Dia tidak merinci sektor apa saja yang akan menjadi objek perluasan pertama kali. Namun, dalam dokumen NDC tertulis bahwa kontributor terbesar emisi karbon di Indonesia adalah sektor energi dan transportasi, pengolahan sampah, proses industri dan penggunaan produk (industrial processes and product use/IPPU), serta kehutanan dan perkebunan.
Sektor energi dan transportasi mencakup produksi listrik oleh PLTU yang bersumber dari batu bara serta penggunaan bahan bakar minyak (BBM) untuk aktivitas transportasi. Sektor ini mencatatkan emisi karbon tertinggi, sehingga kebutuhan biaya untuk mengubahnya menjadi energi hijau pun sangat besar.

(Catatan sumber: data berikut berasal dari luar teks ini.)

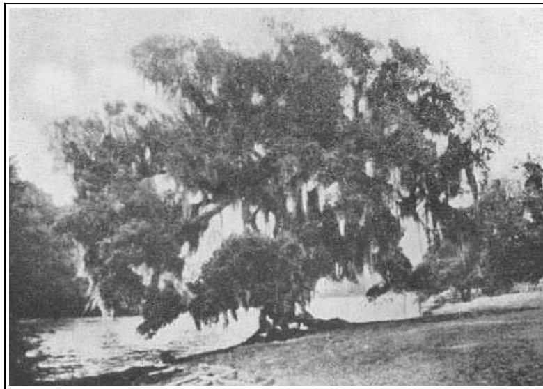
The Evangeline Oak Near the "Poste des Attakapas"

"'Louis,' said she, painfully impressed by her lover's silence and coldness, 'why do you turn away from me? I am still your Emmeline, your betrothed, and I have kept pure and unsullied my plighted faith to you. Not a word of welcome, Louis?' she said, as the tears started to her eyes. 'Tell me, do tell me that you love me still, and that the joy of meeting me has overcome you, and stifled your utterance.'

Kementerian Keuangan merinci bahwa kebutuhan dana sektor energi dan transportasi untuk bertransisi menuju energi hijau mencapai Rp26.601,3 triliun. Angka itu merupakan akumulasi kebutuhan dana dari saat ini hingga 2060, untuk menekan emisi karbon di sisi hulu, antara, hingga hilir.
Di posisi kedua terdapat kebutuhan dana untuk sektor pengolahan sampah, yakni mencapai Rp829,8 triliun. Selanjutnya, terdapat sektor proses industri dan penggunaan produk dengan kebutuhan dana mencapai Rp730,8 triliun.
Penurunan emisi karbon di sektor kehutanan tercatat membutuhkan dana hingga Rp70,14 triliun. Kemudian, sektor agrikultur mencatatkan kebutuhan dana Rp1,44 triliun.
Sri Mulyani menyebut bahwa penerapan pajak karbon merupakan upaya di sisi keuangan untuk mengurangi emisi karbon, bersamaan dengan penerapan perdagangan karbon.
"Penerapan pajak karbon bertujuan untuk mengubah perilaku yang mendukung pengurangan emisi, serta mendorong inovasi dan investasi dengan tetap memperhatikan prinsip keadilan, keterjangkauan, serta penerapan secara bertahap dan terukur," kata Sri Mulyani.